## What to do
Every line below from the one with "기존 통상 5~10%" through the one with "Umage Eos er" is to be repeated exactly, with no picture among them.

## Supplied material
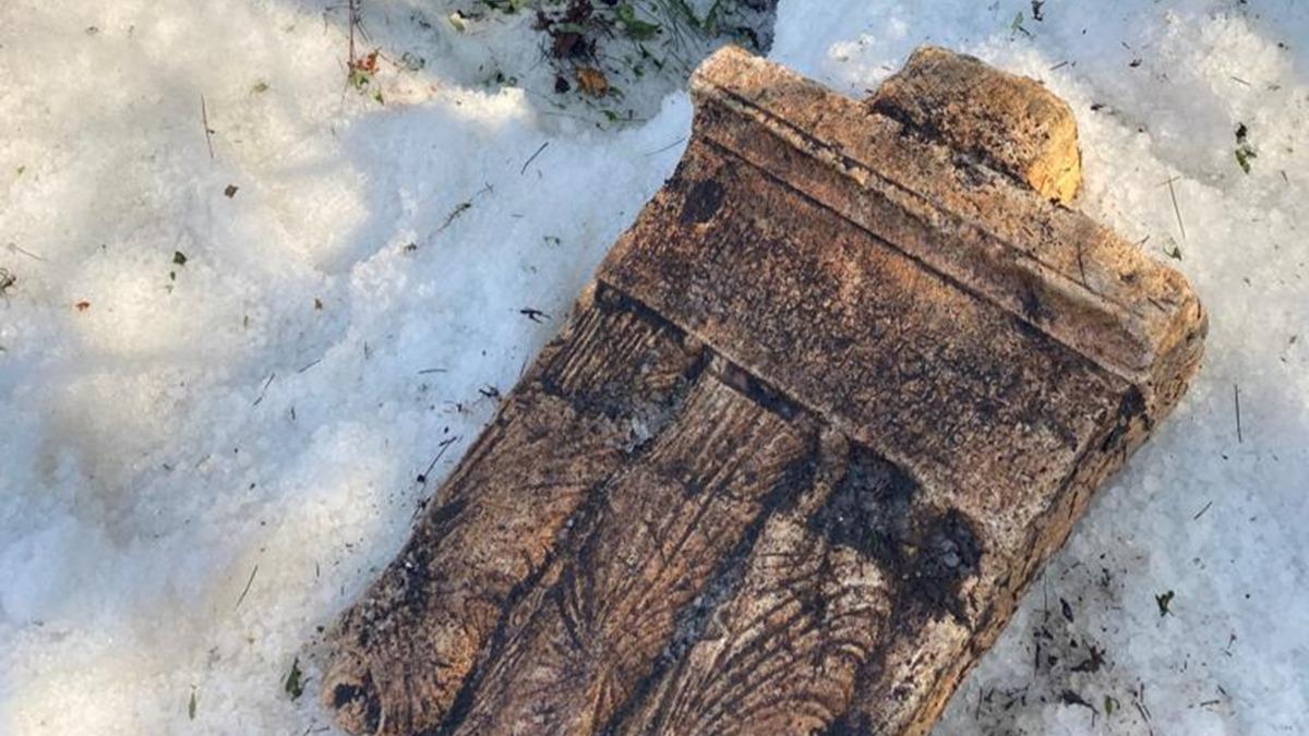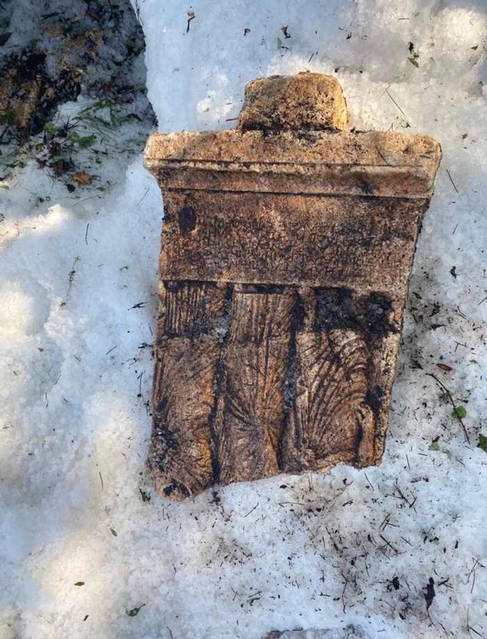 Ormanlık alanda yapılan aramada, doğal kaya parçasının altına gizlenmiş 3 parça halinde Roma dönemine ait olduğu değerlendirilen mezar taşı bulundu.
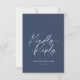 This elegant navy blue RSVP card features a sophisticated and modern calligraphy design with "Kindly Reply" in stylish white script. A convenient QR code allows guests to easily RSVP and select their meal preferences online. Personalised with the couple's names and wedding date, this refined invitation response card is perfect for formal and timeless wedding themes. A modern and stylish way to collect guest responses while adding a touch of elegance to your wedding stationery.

--

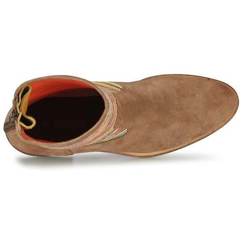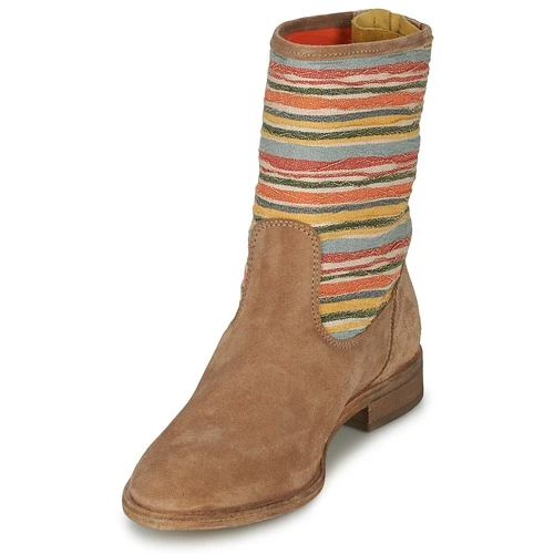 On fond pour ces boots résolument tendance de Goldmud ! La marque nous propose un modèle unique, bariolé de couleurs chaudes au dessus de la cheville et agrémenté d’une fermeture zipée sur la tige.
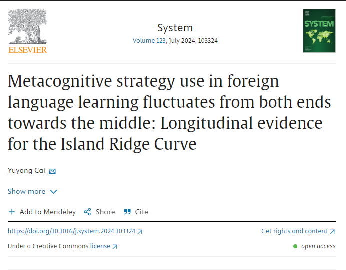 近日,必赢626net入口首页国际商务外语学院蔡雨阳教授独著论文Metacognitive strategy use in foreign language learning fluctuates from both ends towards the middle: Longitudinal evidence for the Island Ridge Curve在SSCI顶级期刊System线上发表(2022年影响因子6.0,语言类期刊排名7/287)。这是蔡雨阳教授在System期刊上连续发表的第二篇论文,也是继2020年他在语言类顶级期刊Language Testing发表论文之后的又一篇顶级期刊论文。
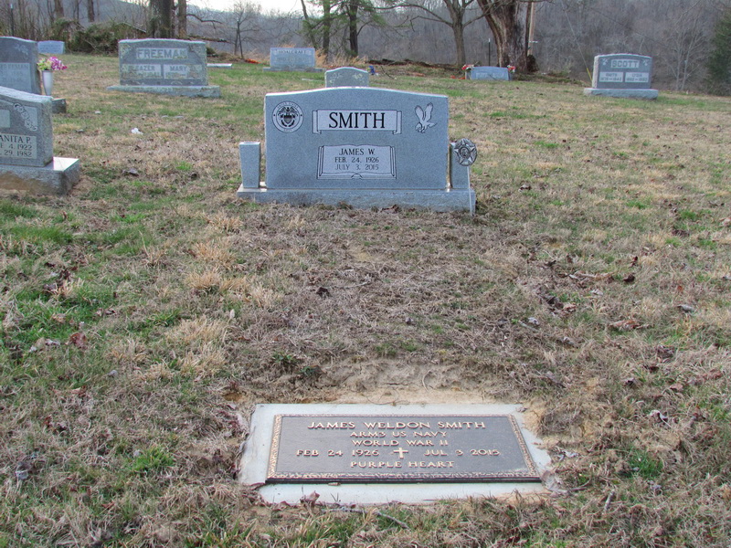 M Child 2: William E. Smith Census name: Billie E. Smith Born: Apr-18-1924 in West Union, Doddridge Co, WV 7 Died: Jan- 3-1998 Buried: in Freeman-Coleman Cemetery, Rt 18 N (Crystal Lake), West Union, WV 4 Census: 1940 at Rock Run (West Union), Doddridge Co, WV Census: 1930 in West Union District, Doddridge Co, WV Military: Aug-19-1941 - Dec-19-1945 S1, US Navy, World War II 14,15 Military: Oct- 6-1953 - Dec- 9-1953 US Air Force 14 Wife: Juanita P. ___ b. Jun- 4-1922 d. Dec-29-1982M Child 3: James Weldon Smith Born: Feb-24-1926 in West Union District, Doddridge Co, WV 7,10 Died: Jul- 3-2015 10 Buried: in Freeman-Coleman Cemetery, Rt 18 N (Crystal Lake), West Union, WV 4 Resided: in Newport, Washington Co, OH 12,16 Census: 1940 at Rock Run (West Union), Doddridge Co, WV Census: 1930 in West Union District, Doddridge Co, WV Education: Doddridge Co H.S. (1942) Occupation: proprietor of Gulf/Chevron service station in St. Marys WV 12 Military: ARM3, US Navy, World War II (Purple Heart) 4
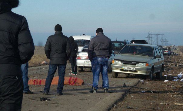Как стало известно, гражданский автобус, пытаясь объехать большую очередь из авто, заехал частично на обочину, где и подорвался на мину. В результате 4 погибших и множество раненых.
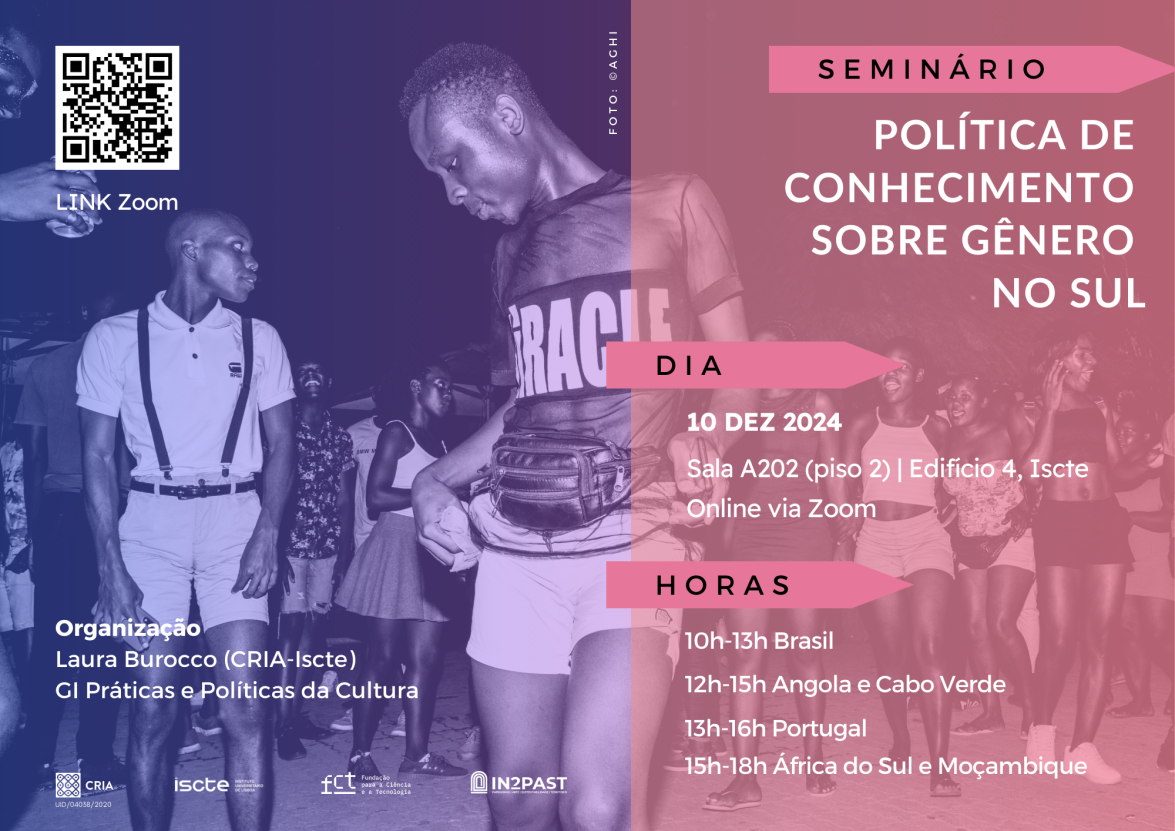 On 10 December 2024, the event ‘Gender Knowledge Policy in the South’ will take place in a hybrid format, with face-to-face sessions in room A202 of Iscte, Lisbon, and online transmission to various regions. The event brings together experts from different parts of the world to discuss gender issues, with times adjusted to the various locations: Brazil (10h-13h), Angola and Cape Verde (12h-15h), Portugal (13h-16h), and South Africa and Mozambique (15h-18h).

---

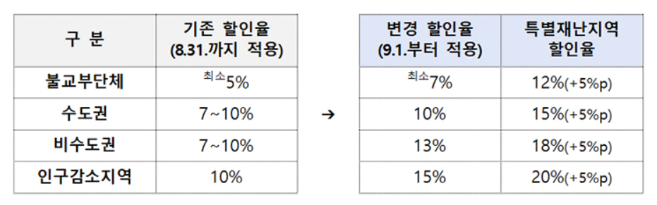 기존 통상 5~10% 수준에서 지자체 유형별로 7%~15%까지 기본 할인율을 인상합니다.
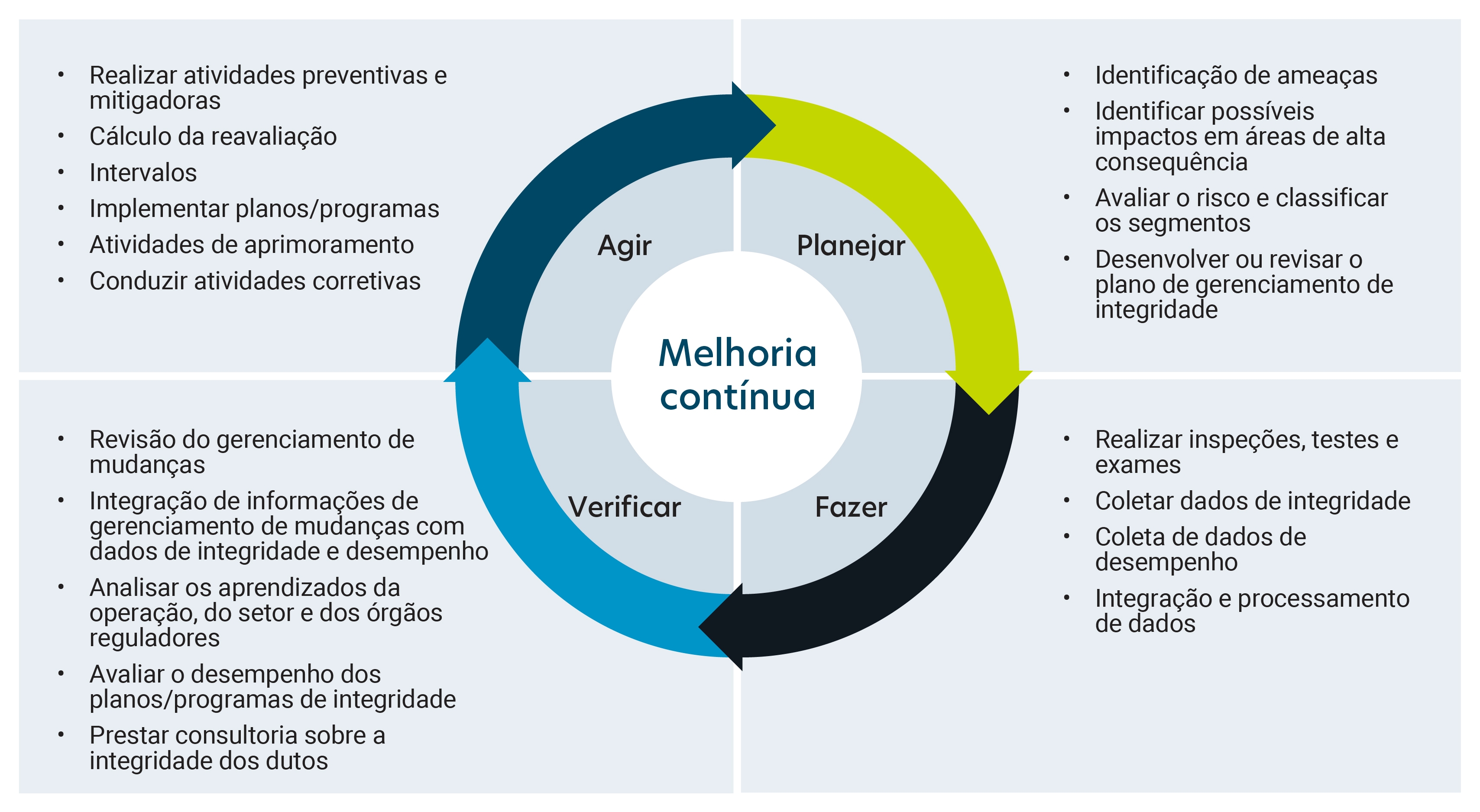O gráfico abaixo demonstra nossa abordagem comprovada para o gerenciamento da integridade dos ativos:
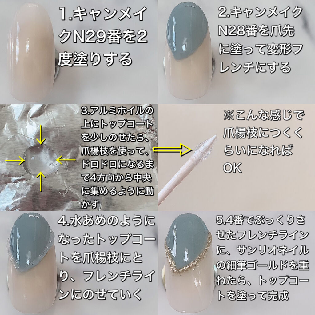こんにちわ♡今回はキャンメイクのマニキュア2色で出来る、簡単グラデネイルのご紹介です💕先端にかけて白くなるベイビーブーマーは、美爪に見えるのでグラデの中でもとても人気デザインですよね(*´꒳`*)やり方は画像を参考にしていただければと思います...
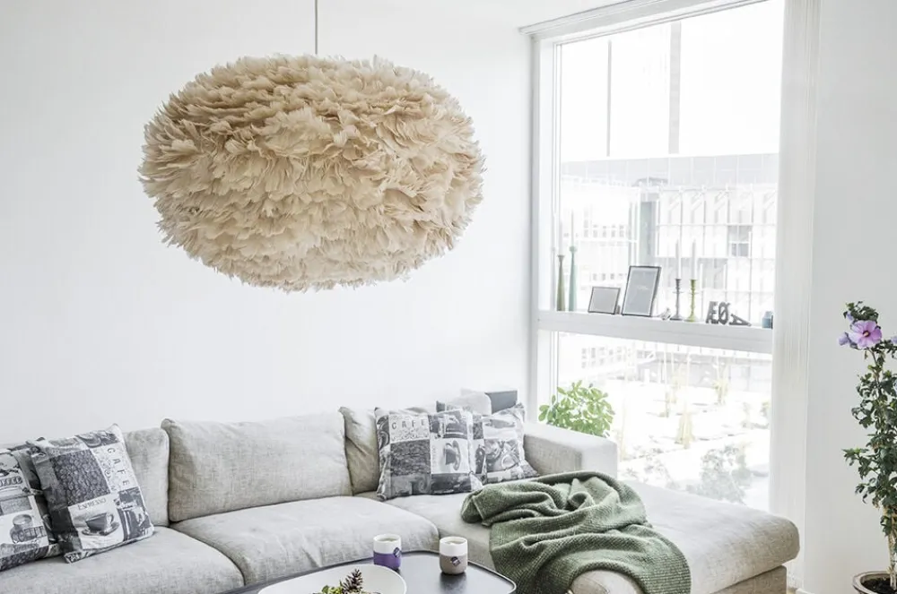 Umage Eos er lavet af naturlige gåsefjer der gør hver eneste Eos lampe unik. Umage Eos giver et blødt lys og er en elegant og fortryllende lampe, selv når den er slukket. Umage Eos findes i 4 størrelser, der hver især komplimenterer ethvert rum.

## Solution to this problem
 기존 통상 5~10% 수준에서 지자체 유형별로 7%~15%까지 기본 할인율을 인상합니다.
O gráfico abaixo demonstra nossa abordagem comprovada para o gerenciamento da integridade dos ativos:
こんにちわ♡今回はキャンメイクのマニキュア2色で出来る、簡単グラデネイルのご紹介です💕先端にかけて白くなるベイビーブーマーは、美爪に見えるのでグラデの中でもとても人気デザインですよね(*´꒳`*)やり方は画像を参考にしていただければと思います...
 Umage Eos er lavet af naturlige gåsefjer der gør hver eneste Eos lampe unik. Umage Eos giver et blødt lys og er en elegant og fortryllende lampe, selv når den er slukket. Umage Eos findes i 4 størrelser, der hver især komplimenterer ethvert rum.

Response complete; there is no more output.